Des images en liberté !

Bernard Sasia et Clémentine Yelnik récidivent ! Après le délicieux Robert sans Robert, ils nous plongent dans l’oeuvre de Mocky. Un film libre et vivant, un film de monteur et de montage, à découvrir sur ciné + à partir du 10 novembre.

Résumé : De démontage en remontage du cinéma de Mocky, le monteur réécrit sa propre histoire dans la société française de 1959 à nos jours.  Il imagine en Mocky un oncle idéal, se projette dans ses personnages et, ivre de sa liberté de créer dans l’ombre, réussit à déjouer un complot ourdi par L’Araignée qui tisse sa toile destructrice contre la mémoire vive du monde. Héros victorieux de son combat contre le formatage, il s’en va détourner d’autres planètes cinématographiques.

Rencontre avec Bernard Sasia et Clémentine Yelnik, réalisateurs

Bernard S.

J’ai rencontré Mocky dans un festival. Je ne connaissais pas bien les films de Mocky mais comme Robert Guédiguian, Mocky est un cinéaste indépendant qui a réalisé des films en dehors du système classique de production. Il a fait des films sans trop de contraintes et je trouvais ça attirant. Il a aussi une filmographie importante, plus de 60 films, et en tant que « re-monteur potentiel » de son œuvre, ça attisait ma curiosité.

Je me suis mis à regarder deux films par jour. Dans chaque film je découvrais qu’il y avait des perles et que l’ensemble racontait toute une époque.

Nous avons décidé avec Clémentine de poursuivre le principe de Robert sans robert, même si je n’ai aucune intimité avec Mocky. Je sentais qu’il avait quelque chose à faire pour parler d’un cinéaste en le démontant et le remontant. Je suis persuadé qu’on peut parler d’un cinéaste autrement que par une interview.

Dans Mocky sans Mocky, nous nous efforçons de faire parler l’œuvre. Et « l’œuvre » dans notre travail est une matière vivante.

Il s’agit bien d’un film de détournement. Avec Robert sans Robert je voulais parler du métier du monteur, là avec Mocky je voulais parler de la liberté. Actuellement on perd quelque chose dans le cinéma, il y a un formatage qui s’impose de plus en plus. Le cinéma de Mocky c’est un cinéma qui a une odeur, qui a du charme.

Clémentine Y.

Je pense que la voix de Bernard est essentielle dans le film. Il était hors de question de faire appel à un comédien. Il fallait comme dans Robert sans Robertque ce soit lui qui parle. La fantaisie de Bernard nous a amené l’idée de l’oncle (Mocky est l’oncle du narrateur dans le film) et c’est devenu un tremplin pour l’écriture. Cela a permis une intimité fictionnelle.

Bernard S.

Ce qui est incroyable c’est que les premiers spectateurs ont vraiment cru que c’était mon oncle ! Même des gens que je connaissais.
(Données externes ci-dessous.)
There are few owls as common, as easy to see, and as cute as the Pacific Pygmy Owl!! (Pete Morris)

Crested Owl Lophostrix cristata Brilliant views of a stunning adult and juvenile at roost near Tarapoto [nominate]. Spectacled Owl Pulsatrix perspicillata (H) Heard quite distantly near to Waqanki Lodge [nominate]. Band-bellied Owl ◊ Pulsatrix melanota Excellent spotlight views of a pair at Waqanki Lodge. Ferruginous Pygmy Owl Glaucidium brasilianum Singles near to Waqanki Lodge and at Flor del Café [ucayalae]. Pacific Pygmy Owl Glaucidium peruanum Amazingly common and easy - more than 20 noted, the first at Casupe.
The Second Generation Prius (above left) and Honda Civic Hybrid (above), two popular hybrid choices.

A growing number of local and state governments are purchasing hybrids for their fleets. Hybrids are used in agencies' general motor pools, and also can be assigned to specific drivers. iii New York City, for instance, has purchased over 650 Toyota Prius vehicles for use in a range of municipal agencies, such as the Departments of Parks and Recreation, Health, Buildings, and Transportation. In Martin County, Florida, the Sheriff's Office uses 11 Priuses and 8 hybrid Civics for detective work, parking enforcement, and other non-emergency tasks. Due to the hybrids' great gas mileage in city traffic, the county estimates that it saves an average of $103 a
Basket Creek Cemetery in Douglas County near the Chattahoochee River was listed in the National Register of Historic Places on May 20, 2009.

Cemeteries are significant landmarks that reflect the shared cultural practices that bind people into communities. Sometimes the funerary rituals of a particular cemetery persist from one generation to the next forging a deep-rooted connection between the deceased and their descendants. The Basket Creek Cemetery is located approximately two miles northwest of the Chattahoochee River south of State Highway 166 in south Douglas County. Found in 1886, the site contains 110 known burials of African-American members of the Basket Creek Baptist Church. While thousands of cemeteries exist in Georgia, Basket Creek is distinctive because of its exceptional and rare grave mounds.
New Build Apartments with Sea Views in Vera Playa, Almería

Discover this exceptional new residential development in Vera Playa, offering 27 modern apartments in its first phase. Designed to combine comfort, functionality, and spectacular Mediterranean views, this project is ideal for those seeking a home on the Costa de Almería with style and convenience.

On a du expliciter ce lien familial fictionnel.

Clémentine Y.

Si il y a voix off, le texte doit naître des images. Il faut laisser les images en liberté.
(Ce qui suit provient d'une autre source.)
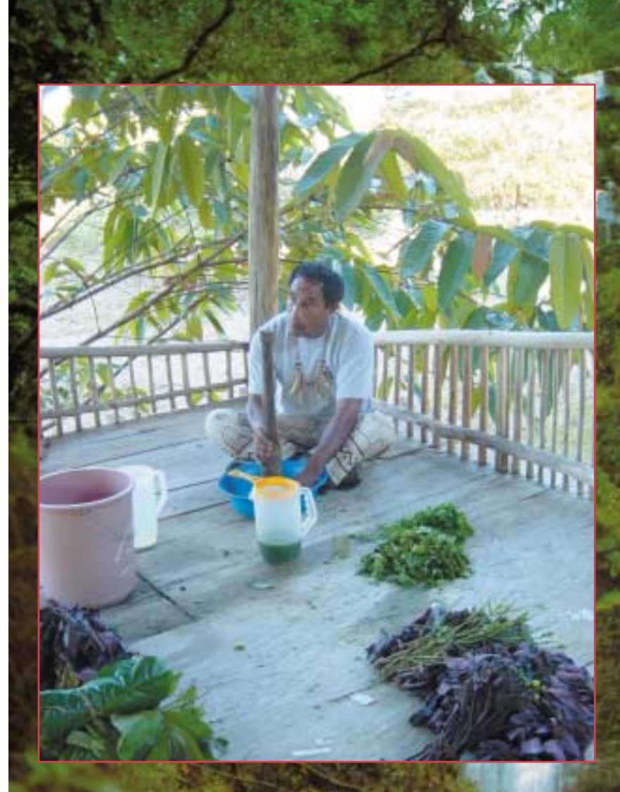
When you talk to the plants you will get to know them like friends, they have their own spirits, their own personalities.

To sample this for yourself, just find a quiet moment and space, close your eyes, and with the power of your imagination draw in the verdant, abundant forest, filled with life, colour and sound. Sense the rich vibrancy of the rainforest as a single breathing rhythmic totality of life force. When you have this image, expand it to include, the humid warmth, the smell of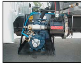
JUROP PN58 (230 CFM) VACUUM SYSTEM

Switch 1: Engages Hot Shift PTO & sets engine RPM to drive pump at correct speed. System also prevents the truck from being driven with PTO engaged. Switch 2: Controls the work lights Switch 3: Operates the Burks DC-10 water pump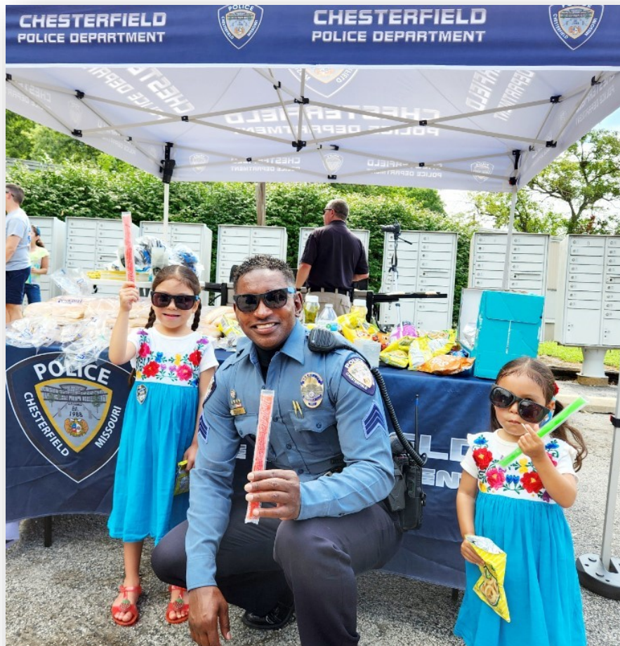
Community Affairs held a Summer Blast event at the Chesterfield Mobile Home Park.

17XXX North Outer 40- On 8/5/2023 a 30-year-old Illinois resident punched his 17-year-old stepdaughter in the abdomen twice with a closed fist while leaving the Main Event. The victim was released to her mother who was also on scene. The suspect was arrested for the assault. In-custody State warrant application resulted in one count of Child Abuse being issued. Bond was set at $30,000.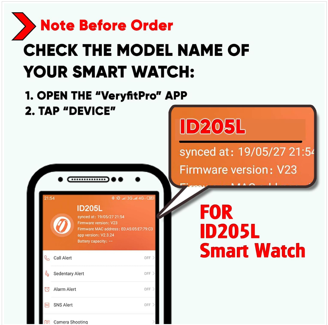
Image: A visual guide demonstrating how to verify your smartwatch model (ID205L) by accessing the "VeryfitPro" application and navigating to the "Device" section.

Before installing your new band, it is crucial to confirm your smartwatch model and the required band width. This band is designed for smartwatches using 19mm spring bars, such as the Veryfitpro ID205L.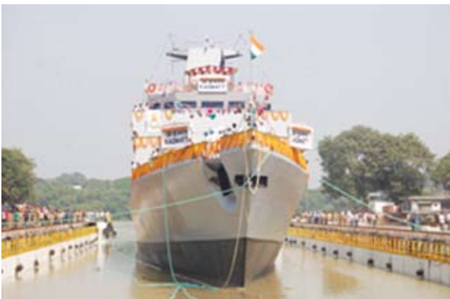
GRSE Yd No. 3018 on October 25, 2011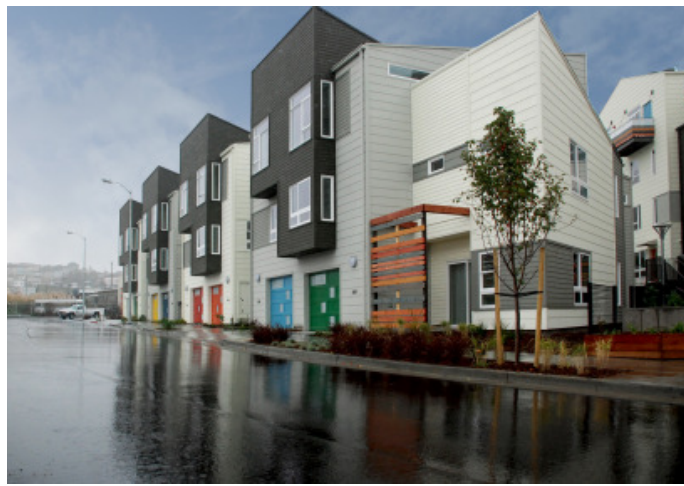
TYPICAL 4 BEDROOM UNIT

On ne voulait pas être pontifiant, c’est comme au théâtre moi ça me réjouis quand le spectateur est un peu frustré. Je préfère ça au fait qu’il soit repu. Il faut lui laisser la place de rêver. Le film va contre ce trop pleins. J’avais envie de travailler ces espaces où notre narrateur se tait.

Il y a un peu plus d’impertinence dansMocky sans Mocky. Bernard a décidé qu’il devenait quand il voulait un personnage du film. Quand il devient Aznavour ou une femme nue ou un autre, et c’est tout à fait possible. Alors que Mocky m’apparaissait comme un être un peu macho avant que je ne découvre ses films, j’ai eu beaucoup de plaisir à me rendre compte qu’il ouvrait des fenêtres sur le désir des femmes comme peu de cinéastes masculins l’ont fait. Une vraie surprise.

Bernard S.

Mocky s’est montré enthousiasme à l’idée et quand il a découvert le film pour la première fois il était très joyeux. Il a retrouvé son œuvre mais d’une manière différente et je crois que ça l’a beaucoup amusé.

 

Mocky sans Mocky à partir du 10 novembre sur ciné + classique.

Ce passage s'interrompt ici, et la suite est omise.